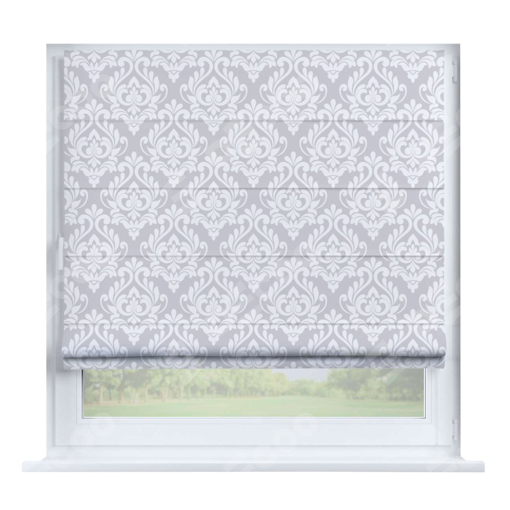 Римская штора производителя «Cortin», устанавливается на створку окна, пошита из ткани блэкаут с нанесением сублимационной печати «Дамаск светлый». Штора шьётся по индивидуальным размерам, для данного типа римской шторы возможная ширина от 35 до 150 см., высота до 250 см.
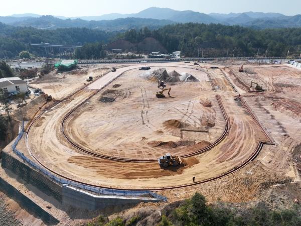 在运动场施工点,铲车、挖掘机往来作业,工人们正在铺设环跑道水沟。 “运动场于2025年12月初开始施工,总建筑面积3万多平方米,目前正在施工的是跑道环形水沟,接下来将进行环形跑道的灰土施工、透水水泥层铺设以及塑胶跑道施工。”运动场子项目现场负责人郭红芬介绍。
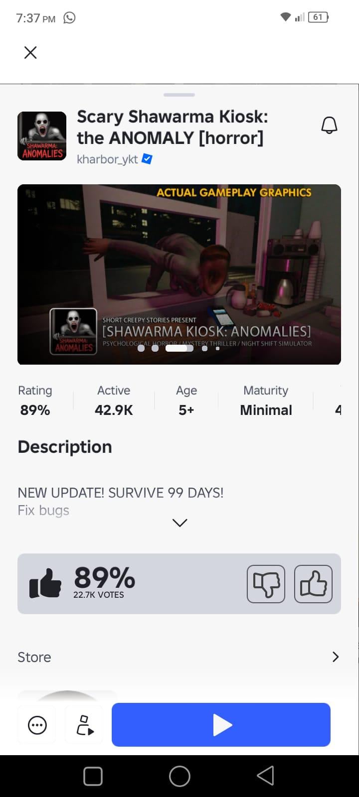 The perfect type of horror game im looking for. But I wish things inside the shop were more interactive and it had ambience noises.
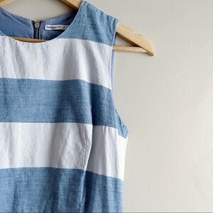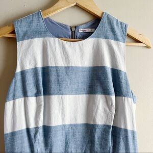 Chambray Indigo Stripe Dress by GAP, featuring a sleeveless fit & flare silhouette, pockets, 100% cotton chambray material, wide indigo blue and white wide horizontal stripes, back zipper closure, short length. Fully lined.
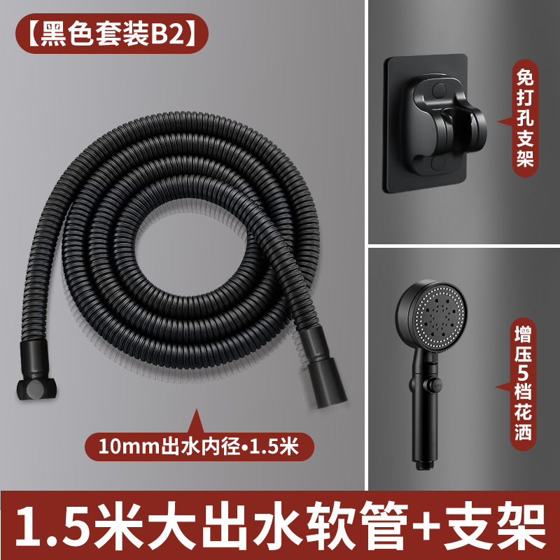 • [블랙 3종세트 B2] 대형 배수호스 1.5m개 + 브라켓 + 5단 슈퍼차저 샤워기
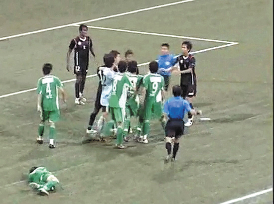 其實(shí)從上半場(chǎng)開始,兩隊(duì)球員你來我往,態(tài)度強(qiáng)硬,互不相讓,已經(jīng)隱約讓人感覺到一絲火藥味。到了下半場(chǎng),雙方的動(dòng)作越來越粗野。第88分鐘,場(chǎng)上比數(shù)為1比1時(shí),北京國安隊(duì)的5名球員突然包圍幼獅隊(duì)的一名球員。接著,兩隊(duì)的球員紛紛沖進(jìn)球場(chǎng),彼此拳打腳踢打成一團(tuán)。
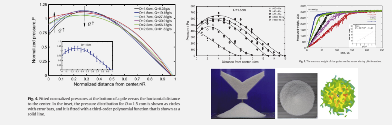 砂堆底部應(yīng)力的降低表現(xiàn)出顆粒材料已知的制備依賴性。通過使用基于網(wǎng)格的觸覺壓力傳感器,我們仔細(xì)測量了通過將米粒漏斗輸送到傳感器上形成的錐形樁底部壓力文件的逐漸發(fā)展。在小流量下觀察到應(yīng)力顯著降低,但在大流量下逐漸消失。這一結(jié)果有助于理解砂堆內(nèi)部的應(yīng)力分布。
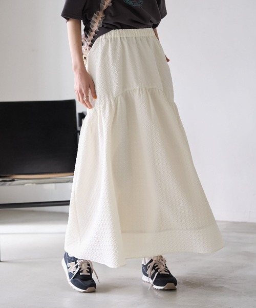 カジュアルでも女性らしさを損なわないスカート。【デザイン・シルエット】 ・独特の表面感を持つ、膨れジャカードを用いたロングスカート。 ・ウエストギャザーで快適性は抜群。 ・個性的な切り替えによる、計算されたシルエットもポイント。 【カラー】 ・ブラック、ホワイト、カーキのすっきりとした3色を展開。 【スタイリングポイント】 ・トップスはシンプルなカットソーやシャツを合わせて、スカートを主役に。 ・足もとはスニーカーやフラットシューズで、リラクシーに仕上げて。 ----------------------------- 裏地:あり 透け感:なし 伸縮性:なし 生地感・厚さ:普通 ポケット:あり ウエスト:ゴム 季節:通年 ----------------------------- ※撮影時の光、お使いのモニター環境によって色の見え方が違う場合がございます。 ※モデル身長:166cm 着用サイズ:38

**Exercise requirements**.
If a record holds a picture, leave the picture out and copy the rest exactly.

**Result**.
 Римская штора производителя «Cortin», устанавливается на створку окна, пошита из ткани блэкаут с нанесением сублимационной печати «Дамаск светлый». Штора шьётся по индивидуальным размерам, для данного типа римской шторы возможная ширина от 35 до 150 см., высота до 250 см.
 在运动场施工点,铲车、挖掘机往来作业,工人们正在铺设环跑道水沟。 “运动场于2025年12月初开始施工,总建筑面积3万多平方米,目前正在施工的是跑道环形水沟,接下来将进行环形跑道的灰土施工、透水水泥层铺设以及塑胶跑道施工。”运动场子项目现场负责人郭红芬介绍。
 The perfect type of horror game im looking for. But I wish things inside the shop were more interactive and it had ambience noises.
 Chambray Indigo Stripe Dress by GAP, featuring a sleeveless fit & flare silhouette, pockets, 100% cotton chambray material, wide indigo blue and white wide horizontal stripes, back zipper closure, short length. Fully lined.
 • [블랙 3종세트 B2] 대형 배수호스 1.5m개 + 브라켓 + 5단 슈퍼차저 샤워기
 其實(shí)從上半場(chǎng)開始,兩隊(duì)球員你來我往,態(tài)度強(qiáng)硬,互不相讓,已經(jīng)隱約讓人感覺到一絲火藥味。到了下半場(chǎng),雙方的動(dòng)作越來越粗野。第88分鐘,場(chǎng)上比數(shù)為1比1時(shí),北京國安隊(duì)的5名球員突然包圍幼獅隊(duì)的一名球員。接著,兩隊(duì)的球員紛紛沖進(jìn)球場(chǎng),彼此拳打腳踢打成一團(tuán)。
 砂堆底部應(yīng)力的降低表現(xiàn)出顆粒材料已知的制備依賴性。通過使用基于網(wǎng)格的觸覺壓力傳感器,我們仔細(xì)測量了通過將米粒漏斗輸送到傳感器上形成的錐形樁底部壓力文件的逐漸發(fā)展。在小流量下觀察到應(yīng)力顯著降低,但在大流量下逐漸消失。這一結(jié)果有助于理解砂堆內(nèi)部的應(yīng)力分布。
 カジュアルでも女性らしさを損なわないスカート。【デザイン・シルエット】 ・独特の表面感を持つ、膨れジャカードを用いたロングスカート。 ・ウエストギャザーで快適性は抜群。 ・個性的な切り替えによる、計算されたシルエットもポイント。 【カラー】 ・ブラック、ホワイト、カーキのすっきりとした3色を展開。 【スタイリングポイント】 ・トップスはシンプルなカットソーやシャツを合わせて、スカートを主役に。 ・足もとはスニーカーやフラットシューズで、リラクシーに仕上げて。 ----------------------------- 裏地:あり 透け感:なし 伸縮性:なし 生地感・厚さ:普通 ポケット:あり ウエスト:ゴム 季節:通年 ----------------------------- ※撮影時の光、お使いのモニター環境によって色の見え方が違う場合がございます。 ※モデル身長:166cm 着用サイズ:38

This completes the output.